Seminar kali ini menghadirkan tiga pembicara yaitu Yoopi Abimanyu, Peneliti Madya pada Pusat Kebijakan Ekonomi Makro (PKEM) BKF; Ubaidi Socheh Hamidi, Kepala Subdirektorat Evaluasi Dana Desentralisasi dan Perekonomian Daerah, Direktorat Evaluasi Pendanaan dan Informasi Keuangan Daerah, Direktorat Jenderal Perimbangan Keuangan (DJPK), Kemenkeu; Taslim Arifin, Ekonom Fakultas Ekonomi Universitas Hassanudin Makassar; dan dimoderatori oleh Siska Indirawati, Kepala Bidang Data Ekonomi Makro dan Administrasi Pengkajian, PKEM BKF.
Pembicara pertama, Yoopi Abimanyu menyampaikan mengenai Perkembangan Makro Ekonomi Indonesia. Yoopi mengawali dengan menjelaskan perkembangan ekonomi global. Perkembangan perekonomian global tahun 2014 diperkirakan akan tumbuh lebih baik meskipun mempunyai risiko yang negatif. Volume perdagangan dunia diperkirakan masih akan meningkat meskipun moderat, sementara inflasi diperkirakan mereda. Namun demikian potensi pengurangan stimulus moneter oleh The Fed dan pelemahan harga komoditas mendorong ekonomi ke keseimbangan yang baru. Yoopi kemudian melanjutkan dengan update perekonomian Indonesia. Sejak Awal tahun 2014, rupiah dan IHSG mengalami penguatan yang cukup baik di antara negara-negara lain di kawasan. Pertumbuhan ekonomi Indonesia jauh lebih stabil dibandingkan dengan negara-negara berkembang lainnya. Terkait perkembangan ekonomi global dan domestik yang terjadi, pemerintah telah melakukan respon kebijakan yang berdampak pada berkurangnya tekanan pada pasar keuangan, penurunan inflasi, neraca perdagangan kembali surplus, defisit neraca berjalan mengecil, pertumbuhan ekonomi lebih baik dan Foreign Direct Investment (FDI) relatif tinggi. Pemerintah juga telah menyiapkan kebijakan yang antisipasif dalam mencegah dan memitigasi terjadinya krisis.

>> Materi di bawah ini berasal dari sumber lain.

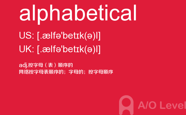 英国a-level考试报名费很好解决,那怎样才能达到a-level考试词汇量要求呢?别再纠结于a-level考试分数要求了,今天我们来一起看看a/o-level考试网今天带给你的a-level单词alphabetical的讲解。如果您想了解alevel课程有年龄限制,爱德思alevel2017真题,alevel化学辅导,a水准考试等关于a-level考试的相关资讯,请继续浏览并关注课窝a/o-level考试网。

Pembicara kedua, Ubaidi Sochech Hamidi menyampaikan evaluasi kebijakan pendanaan dan keuangan daerah. Ubaidi menjelaskan mengenai hubungan keuangan pusat dan daerah saat ini, kondisi fiskal dan perekonomian se-Provinsi Sulsel, dan evaluasi kebijakan dan pengaturannya ke depan. Kebijakan fiskal daerah harus sejalan dan mendukung dengan keempat kebijakan makro nasional yaitu kebijakan fiskal, kebijakan moneter, kebijakan neraca pembayaran, dan kebijakan sektor riil. Seluruh kebijakan makro, terutama kebijakan fiskal mempengaruhi kebijakan transfer ke daerah. Terkait dengan kondisi fiskal dan perekonomian Sulsel, Ubaidi menyampaikan bahwa pendapatan dan belanja daerah se-provinsi cenderung meningkat. Rasio belanja pegawai per total belanja se-Provinsi Sulsel di tahun 2012-2014 masih lebih tinggi dari nilai rata-rata nasional. Rasio belanja modal per total belanja menunjukkan tren yang relatif stabil namun masih berada di bawah rata-rata nasional. Tingkat ketergantungan Pemda se-Provinsi Sulsel terhadap dana transfer pemerintah lebih tinggi dibandingkan rata-rata daerah secara nasional. Rasio pendapatan se-Provinsi Sulsel menunjukkan relatif stabil meskipun lebih rendah dari rasio ruang fiskal nasional. Laju pertumbuhan ekonomi Provinsi Sulsel berfluktuasi selama periode 2010-2012. Selama periode ini laju pertumbuhan berada di atas laju pertumbuhan ekonomi nasional. Namun pendapatan perkapita Provinsi Sulsel berada di bawah nasional meskipun terus mengalami kenaikan pada periode periode. Ubaidi kemudian mengakhiri presentasinya dengan menyampaikan evaluasi kebijakan dan pengaturan ke depan mengenai pendanaan desentralisasi.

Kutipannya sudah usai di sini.